Anyone expecting immediate results from Saudi Arabia’s unprecedented splurge on football stars has likely been disappointed, as billion-dollar spending has created an uneven season with no international titles to date.
Despite pyrotechnic revelations from superstars like Cristiano Ronaldo, Karim Benzema and Neymar last year, the new Saudi Pro League has provided few fireworks since.
On Saturday, Al Hilal won their fourth title in five years with three games remaining, even without the services of Neymar, who was injured on international duty with Brazil in October.

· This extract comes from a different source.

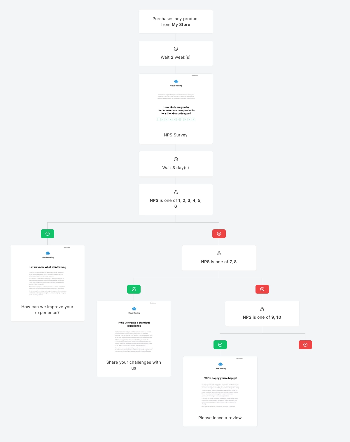The automation uses a delay step to give subscribers time to complete the survey. It then checks the subscriber’s profile field to see how they answered, and sends a relevant email depending on whether they are a promoter, passive, or detractor.
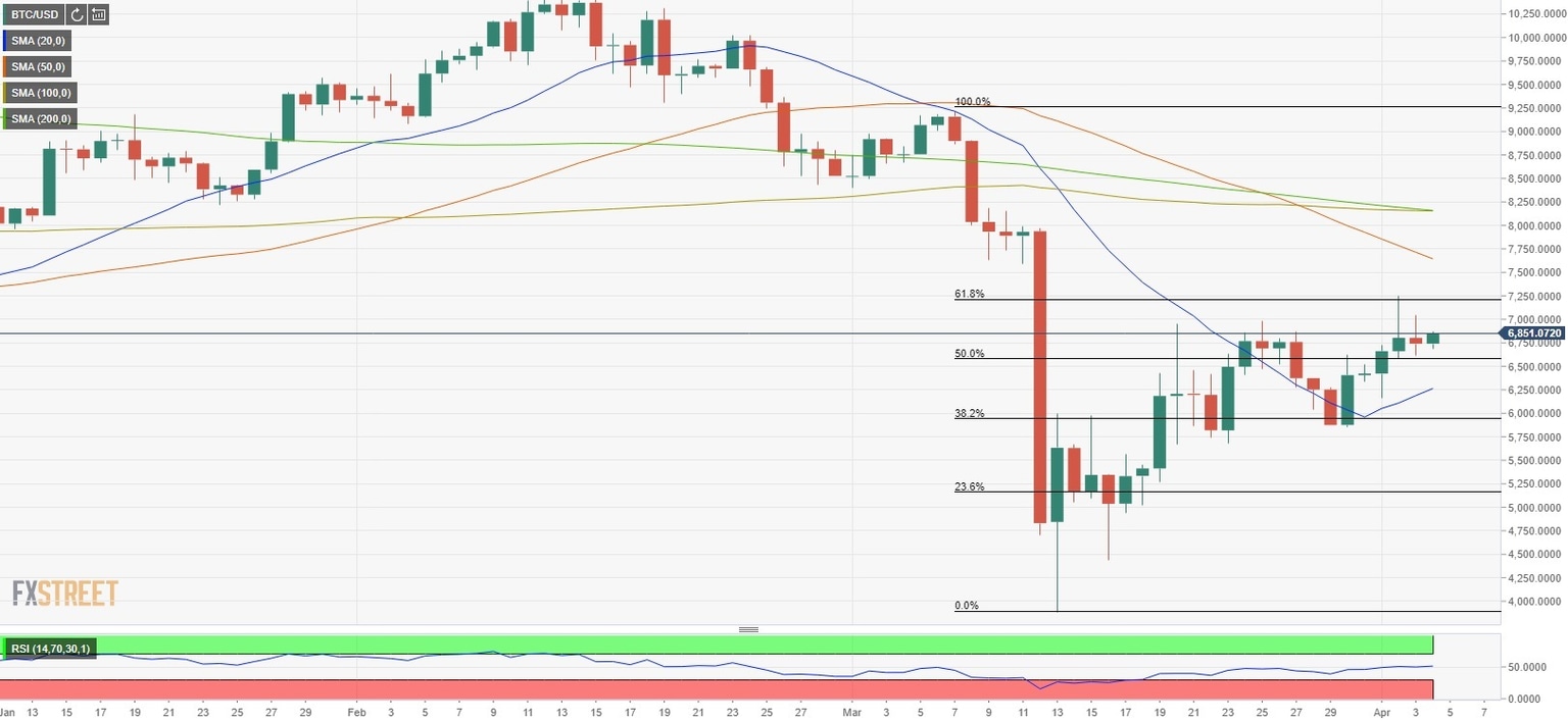 Thursday's rally lifted the price to the Fibonacci 61.8% retracement of the sharp drop witnessed during mid-March at $7,250. However, the daily candlestick, which has a long wick and a small body, shows that the selling pressure remains strong around that area. With a daily close above $7,250, the pair could target $7,650 (50-day SMA) ahead of $8,170 (100-day SMA/200-day SMA).

None of the Saudi teams reached the final of the Asian Champions League, hosts Al Ittihad were eliminated in the second round of the Club World Cup in Jeddah and Roberto Mancini’s Saudi team lost in the round of 16 of the Asian Cup.
Al Hilal were so dominant that they won 34 consecutive games in all competitions – a record for a top-flight team – and remain unbeaten in the Pro League.
Wins of 9-0, 7-0 and 6-1 highlighted the gulf between Al Hilal, one of four clubs bought last year by the Public Investment Fund, Saudi Arabia’s oil-backed sovereign wealth vehicle, and the rest .
Al Hilal, Ronaldo’s Al Nassr, Riyad Mahrez’s Al Ahli and Al Ittihad, Benzema’s new employers, occupy four of the top five positions in the league table.
“The lack of an adequate distribution of players among all teams created a clear gap between the big and small teams and killed the competition in favor of Al Hilal,” Mohamed Mandour, a Paris-based journalist for the Sportsdata website, told AFP.
– World Cup, here we come –
The league’s administrators, also recently hired, say it is a long-term project and that it will take time to achieve its goal: becoming one of the top five national competitions in the world by metrics such as player quality, stadium attendance and success. commercial.
Already on the horizon is 2034, when Saudi Arabia, eager to present a new image and prepare for the post-oil era, becomes the second Gulf country to host the World Cup, after neighboring Qatar in 2022.
The $957 million spent on players last summer, second only to the English Premier League and unprecedented in Saudi football, has undoubtedly sparked extra interest in the competition, even if it has not yet reached its peak.
At a recent game in Riyadh, Ahmed Osama, an Egyptian living in Saudi Arabia, sat happily with his two sons watching Al Nassr and Ronaldo, 39, a football legend at the end of his career.
“We just came to see Ronaldo, who they both love,” Osama, 40, told AFP, adding that his nine- and six-year-old sons choose Al Nassr when they play PlayStation, rather than Barcelona or Real Madrid.
– Teeth problems –
Suddenly, signing a series of stars is not a simple task and initial problems include Benzema’s difficulties in adapting to Al Ittihad and Ronaldo being fined for an offensive gesture on the pitch.
Former Liverpool player Jordan Henderson left Al Ettifaq for Ajax after just six months in the Pro League, whose late-night starts, high temperatures and often empty stadiums can be unappetizing for players.
In April, a fan dressed in traditional Saudi attire pulled out a long whip and hit Al Ittihad’s Abderrazak Hamdallah after arguing with the striker in the stands.
Simon Chadwick, professor of sport and geopolitical economics at France’s SKEMA Business School, said it takes years to build the kind of profile enjoyed by the English Premier League or Spain’s La Liga.
“Saudi Arabian football must get used to the fact that money and players alone are insufficient to guarantee perpetual success,” he told AFP.
“This season, Saudi Arabian football has been on and off the radar of football fans,” Chadwick added.
“It can’t be like this. As La Liga and the Premier League show, engagement is a 24/7, 365 day a year phenomenon. Saudi football still has a lot of work to do.”